Write out all of the entries that follow, word for word, but skip the pictures.

AVAILABLE RECORDS:
== Segment start ==

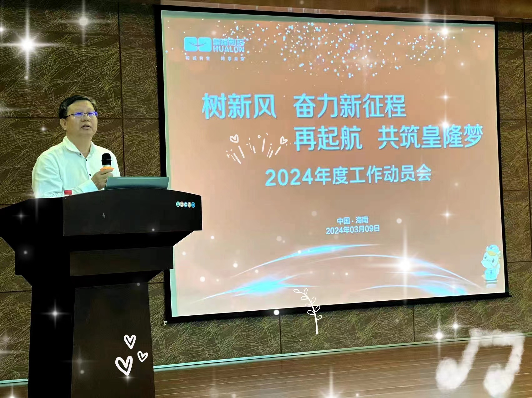 公司董事長、總經(jīng)理陳益智做總結(jié)。他首先感謝過去一年全體員工所做的努力,對(duì)部門管理人員的述職表現(xiàn)和高管的培訓(xùn)給予了充分肯定。然后陳總開始就2024年進(jìn)行工作總動(dòng)員。根據(jù)會(huì)議主題“樹新風(fēng),奮力新征程;再起航,共筑皇隆夢”!董事長進(jìn)行重點(diǎn)深入的詮釋,就此引入皇隆的企業(yè)文化、闡述皇隆文化的內(nèi)涵,要求大家大力弘揚(yáng)皇隆優(yōu)秀文化,擦亮皇隆制藥品牌名片,增強(qiáng)皇隆文化自信!同時(shí)對(duì)2024年如何樹立榜樣、弘揚(yáng)精神,激發(fā)團(tuán)隊(duì)活力做出了動(dòng)員。
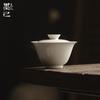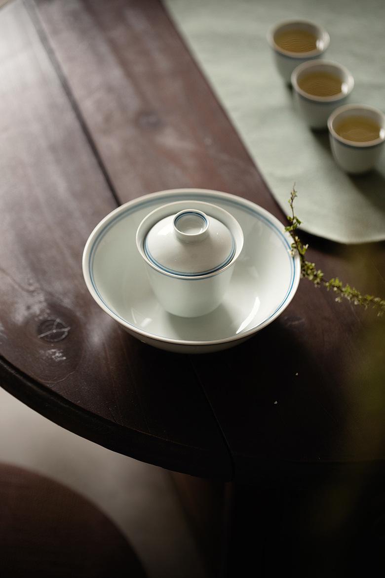 Crepúsculo Cang Zhai antiguo verde doble línea cubierta Tazón Juego de Té Kung Fu Tazón con tapa hecho a mano azul y blanco pintado a mano neumático delgado no quema la mano tetera
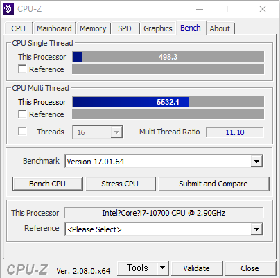 CPU-Z는 내 컴퓨터의 사양정보인 CPU, 메인보드, 메모리, SPD, 그래픽카드의 상세정보를 한 눈에 확인할 수 있습니다. 그리고 추가로 Bench 탭에서는 CPU성능 및 스트레스 수치를 확인할 수 있습니다.
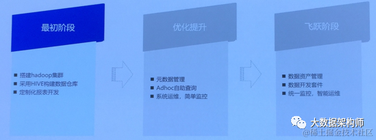 其实这也符合架构的原理:够用就行,适度超前。毕竟满足业务需求是第一要务,跟产品的MVP(最小可行产品,Minimum Viable Product)原则一致。现在很多公司搞大数据的套路是先找一个总监,总监再找一个架构师,然后瞅准最先进的数据中台搞。这种公司各位最好有多远躲多远。
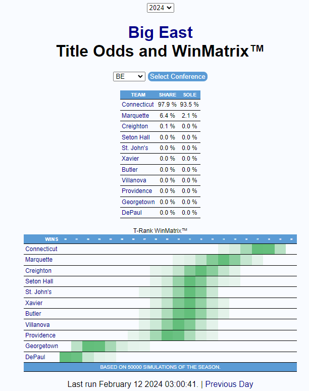 Somehow we are in mid February already, and with Marquette two games behind UConn, this is a week that will go a long way to shaking our whether a regular season repeat is still feasible.
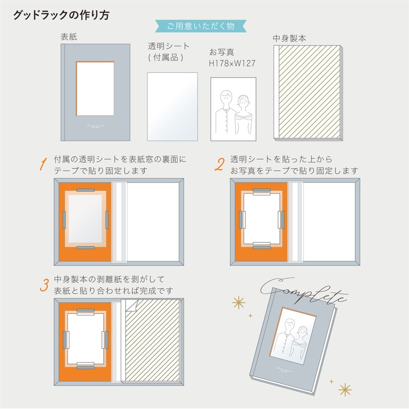 仕様・特徴 | ・外寸:305×217mm ・仕様:表紙のみ/不織布/箱付/透明シート(窓保護用) ・窓サイズ: 165×113(キャビネサイズ) 背幅:6・8・10P-12mm |

== Segment end ==

YOUR SOLUTION:
 公司董事長、總經(jīng)理陳益智做總結(jié)。他首先感謝過去一年全體員工所做的努力,對(duì)部門管理人員的述職表現(xiàn)和高管的培訓(xùn)給予了充分肯定。然后陳總開始就2024年進(jìn)行工作總動(dòng)員。根據(jù)會(huì)議主題“樹新風(fēng),奮力新征程;再起航,共筑皇隆夢”!董事長進(jìn)行重點(diǎn)深入的詮釋,就此引入皇隆的企業(yè)文化、闡述皇隆文化的內(nèi)涵,要求大家大力弘揚(yáng)皇隆優(yōu)秀文化,擦亮皇隆制藥品牌名片,增強(qiáng)皇隆文化自信!同時(shí)對(duì)2024年如何樹立榜樣、弘揚(yáng)精神,激發(fā)團(tuán)隊(duì)活力做出了動(dòng)員。
 Crepúsculo Cang Zhai antiguo verde doble línea cubierta Tazón Juego de Té Kung Fu Tazón con tapa hecho a mano azul y blanco pintado a mano neumático delgado no quema la mano tetera
 CPU-Z는 내 컴퓨터의 사양정보인 CPU, 메인보드, 메모리, SPD, 그래픽카드의 상세정보를 한 눈에 확인할 수 있습니다. 그리고 추가로 Bench 탭에서는 CPU성능 및 스트레스 수치를 확인할 수 있습니다.
 其实这也符合架构的原理:够用就行,适度超前。毕竟满足业务需求是第一要务,跟产品的MVP(最小可行产品,Minimum Viable Product)原则一致。现在很多公司搞大数据的套路是先找一个总监,总监再找一个架构师,然后瞅准最先进的数据中台搞。这种公司各位最好有多远躲多远。
 Somehow we are in mid February already, and with Marquette two games behind UConn, this is a week that will go a long way to shaking our whether a regular season repeat is still feasible.
 仕様・特徴 | ・外寸:305×217mm ・仕様:表紙のみ/不織布/箱付/透明シート(窓保護用) ・窓サイズ: 165×113(キャビネサイズ) 背幅:6・8・10P-12mm |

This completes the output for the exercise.